In my mind, to avoid a big PR, it would be better to split the issue in two more atomic issues :

In a very simple way, the debug command can display something similar to the caller:

replibyte debug

# Output

Replibyte $VERSION (running on $OS/$ARCH)
config :
  # here the config file with all sensitive data redacted
  $CONFIG

I think we should at least display the 4 following informations to help reproduce a bug :

What do you think about it ?

Thanks !

evoxmusic commented 1 year ago

Hi @thomasgouveia , thank you for your help. I'm happy to speak with you to see how we can add this because it would be super helpful. I am working on adding some benchmarking to Replibyte to improve the overall performance, which could also be added to the debug part in some way.

The $CONFIG element is one of the most important elements often missing to debug better. Something that would also be helpful is to provide a stack trace of what happened - like a profiling file but without the data.. Do you have any idea here?

thomasgouveia commented 1 year ago

Happy to help! For sure, it makes sense to do something that is relevant to help debugging issues or to provide context for an issue.

Just to be sure we agree on what we want to achieve, at first, the idea was to provide a replibyte debug command that will output to the user information about the environment where replibyte is executed. I think this command should be independent and simply output something like I gave in my previous message.

You said that it would be nice to have a kind of "profiling" file with a stack trace, I totally agree with you for that because it is clearly better to analysis the software behavior. I suppose that in your idea, you want to be able to trace what is done through the execution when executing any of the commands, for example a dump. If so, for me it sounds more like a --debug (or --verbose) global flag that will provide additional context (whether if there is an error or not during the command execution). We could probably bake something with tracing crates (or creating our own) to register sort of events at different code levels, and at the end of the execution, we can create the profiling file based on the events, with all the additional data such as the version of replibyte, the OS/arch etc.

Do you agree with that? Do you have any idea for this profiling file? I will be pleased to give it a try!

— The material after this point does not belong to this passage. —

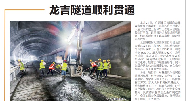 1月2日,《柳州日報》要聞版報道冶建公司桂海分公司承建的三江縣龍吉大道北段擴(kuò)建工程,龍吉隧道順利貫通,項目建設(shè)取得階段性重要成果。

Another point, about the redact of the configuration. I saw that you use transformers in telemetry.rs to hide sensitive data that comes from the configuration file. I have another approach for that, using traits. I tried to do something with the current configuration :

trait Redact {
    fn redact(&self) -> Self;
}

This trait will need to be implemented by each configuration related structs, so that way, each block can redact their sensitive data :

impl Redact for Config {
    fn redact(&self) -> Self {
        // We create a mutable deep copy of the current element
        // as we don't want to alter our base configuration
        let mut copy = self.clone();

        if copy.encryption_key.is_some() {
            copy.encryption_key = Some(REDACTED.to_string());
        }

        if let Some(source) = copy.source {
            copy.source = Some(source.redact())
        }

        if let Some(destination) = copy.destination {
            copy.destination = Some(destination.redact())
        }

        copy.datastore = match copy.datastore {
            DatastoreConfig::AWS(cfg) => DatastoreConfig::AWS(cfg.redact()),
            DatastoreConfig::GCP(cfg) => DatastoreConfig::GCP(cfg.redact()),
            // We don't need to redact this piece of configuration, it does not contain any sensitive information
            DatastoreConfig::LocalDisk(cfg) => DatastoreConfig::LocalDisk(cfg)
        };

        copy
    }
}

At the end, we can simply call config.redact() to get a copy of our configuration, that is wiped from all sensitive data. We can also easily test each block independently to check that our logic of hiding sensitive data is ok. Is it ok for you?